Sunday, August 20, 2017

Tips Making Blood Glucose Tests Easier To Control Blood Sugar levels

Blood glucose tests are well-known as blood sugar level test for people with diabetes. If your blood glucose test result says, "equal or higher of 200 mg/dL (11 mmol/L)" means you have diabetes. Regardless of whether you measure your blood sugar once a week, once a day or 6 times a day, you will likely be encouraged to do tests more often if you learn to do them easily and painlessly. 

Tips Making Blood Glucose Tests Easier To Control Blood Sugar levels
The information you collect while testing yourself is the key to controlling your health as a person with diabetes. Self-monitoring helps you make informed decisions about your medications, diet, and physical activity. It also supports you with the demands of everyday life with diabetes; You feel better every day, and you reduce your risk of developing complications. Here are some tips for getting the best results possible.

Guidelines for your test schedule

Standard times to do your blood glucose measurements include: 

  • Before lunch (on an empty stomach)
  • Before dinner and before supper
  • Two hours after a meal
  • Before bedtime
  • Before and after vigorous exercises
  • When you do not feel well.

Other circumstances warrant more frequent blood glucose measurements:

  • When changes occur to your routine because you are traveling
  • When you change medication, or the dose is adjusted
  • When you experience symptoms of hyper or hypoglycemia
  • When you are pregnant or trying to become pregnant
  • Before and after surgery
  • After a dental procedure
  • During an illness
  • In times of stress
  • In the premenstrual period.
  • The best test site

Wash and dry your hands before making a measurement on the side of the tip of your finger. Use all your fingers and both sides of each in alternation to not develop calluses, which would make it more difficult to get a blood sample. You can also take a test on another part of your bodies such as the forearm or palm if you and your healthcare professional understand that tests on alternative sites may be suitable for you.

Also read: 
Is it Possible to Prevent Diabetes? 
How To Live Healthy With Diabetes 

Fear of needles?

Do you feel anxious, nauseous or faint when you see a needle? You are not alone. Unfortunately, the stress that causes this phobia can harm your health and your fears can give you what appears to be a good reason to avoid routinely doing your blood glucose measurements or administering your treatments. Because you do not have the latitude to omit your medications, here are a few ways to become more comfortable with the needles.

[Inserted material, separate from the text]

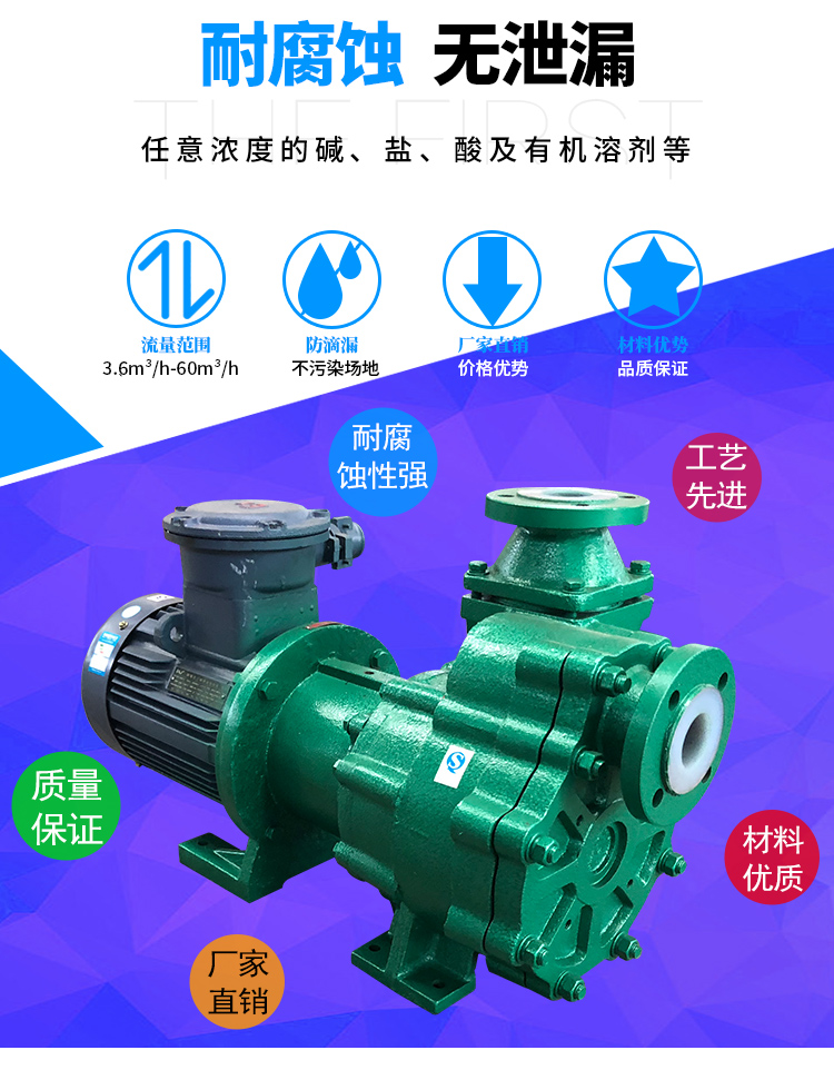ZMD襯氟自吸磁力泵是我公司新一代耐腐蝕自吸磁力泵,它不但集氟塑料磁力泵的優(yōu)點(diǎn),而且具有自吸功能、無泄漏,這是以往的所有氟塑料磁力泵不能達(dá)到的,因此,該系列泵一推出就受到了廣大用戶的歡迎。該系列泵可廣泛適用于化工、有色金屬冶煉、農(nóng)藥、制酸制堿、造紙、酸洗工藝、稀土分離、電鍍、電子、化成箔、卸酸堿等行業(yè)或工作流程,是目前磁力泵品種中結(jié)構(gòu)新穎的產(chǎn)品之一,且高效節(jié)能、安全實(shí)用。

  • Ask your doctor or pharmacist to teach you the quickest and least painful way to prick your finger.
  • Use a lancing device. Their needles are particularly thin and have a coating to facilitate penetration.
  • Use a new lancet for each test. The tip of a lancet may become dull or crooked if repeatedly used.
  • Insulin pump users should only change their infusion site every 2 to 3 days and may numb the site of stinging with ice.

If you have a phlebotomist take a blood test, tell him if in the past other technicians have had trouble finding a vein.

Take great care of your strips

Although most of the strips are easy to handle, you should still take some precautions to ensure that the results are as accurate as possible. Store them at room temperature (not too hot or too cold) and in their original container. The lid of the container must be replaced entirely, to prevent moisture from affecting it. They may also become obsolete. The bottle indicates their expiration date and the period during which they can be used once the container has been opened.

Determine what works and what does not. 

Compare the readings to those you made in the previous days and weeks. Make a note if you were sick, had been drinking, had to stress, had just completed your workout or any other situation that may affect your blood sugar. 

There are many simple diabetes management tools to help you understand your measurement results. Try the Before-After Tests tools by consulting with your physician. It can help you, and your healthcare professional recognizes trends in how stress, food or exercise affect your test results.